The West should firmly spearhead the Euro-Atlantic path of Armenia and Georgia to counter the anti-western approach of the other regional players involved. It follows that investments on transports and logistics and the opening of an American military base in Armenia and Georgia are strategic to deter the Russo-Chinese influence and the Azeri and Russian aggression respectively. It would present them with the opportunity to become independent and establish permanent ties to the West. More military involvement should serve to keep firmer roots in the area.
As Azerbaijan and Russia will increase their cooperation and activism, Armenia and Georgia should be the focus of a strategy to deter further territorial reconfiguration. The US-Armenia joint military drill should go beyond the 1994 NATO partnership for peace. It requires EU and US increased support, not least military, by profiting from Armenia’s refusal to sign a CSTO defence aid deal, signing a proper defence deal with Western powers and proceeding with arming Armenia to help its army start meeting NATO standards. It will require Armenia’s resolve to exit the CSTO and the EEU, expel Russian peacemakers and shut down the Russian military base.

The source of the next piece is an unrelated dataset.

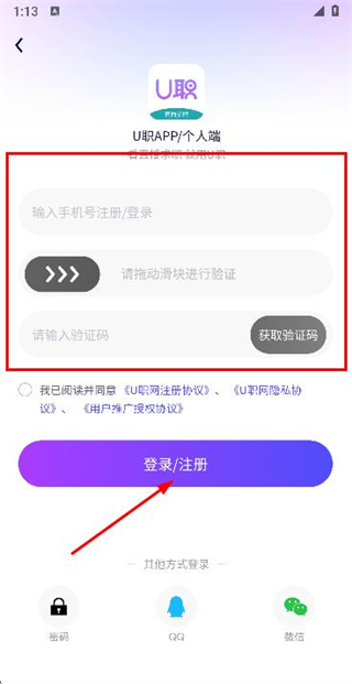3、在登录页面填写手机号和验证码,勾选协议后,点击登录完成账号登录操作。

Regarding Georgia, as Irakli Beraia put it, NATO needs to speed up the integration process that would help disentangle the country, as the EU needs to offer the membership status to pave the way to Europeanisation as Moscow continues to destabilise and threatens to intervene through potential annexations of both Abkhazia and South Ossetia, thus opening a new front. In the interim, the EU mission in the country should go with ad hoc NATO involvement to counter the possible opening of a Russian military base on the Black Sea coast of occupied Abkhazia.
Conclusions
The transactional relations the West should entertain with the Caspian countries should be matched by deeper ties with the regional actors that, despite evident internal constraints and contradictions, aspire to integrate with the EU and NATO and seek a diversification policy. It will progressively favour the choice of privileging ties to the West.
The rapport between the West and Azerbaijan is purely transactional, thus becoming fundamental for the EU to treat it as a gas supplier and no ally for strategic diversification. The same goes, albeit alarmingly, with NATO member Turkey further in opposition to NATO principles and values. The EU should stop appeasing the pan-Turkic objectives and acquiescing to its project involving directly or indirectly China and Russia in the spirit of Erdogan’s motto of “the world is bigger than five” and Aliyev’s view of a multipolar world as a “guarantee of stability”.
Finally, Armenia should establish closer ties with Georgia that would oppose Turkey, Azerbaijan, Russia and Iran by dropping past grievances that play in their hands to expand the Western front against regional Empires and China wanting to appropriate vital routes to Europe.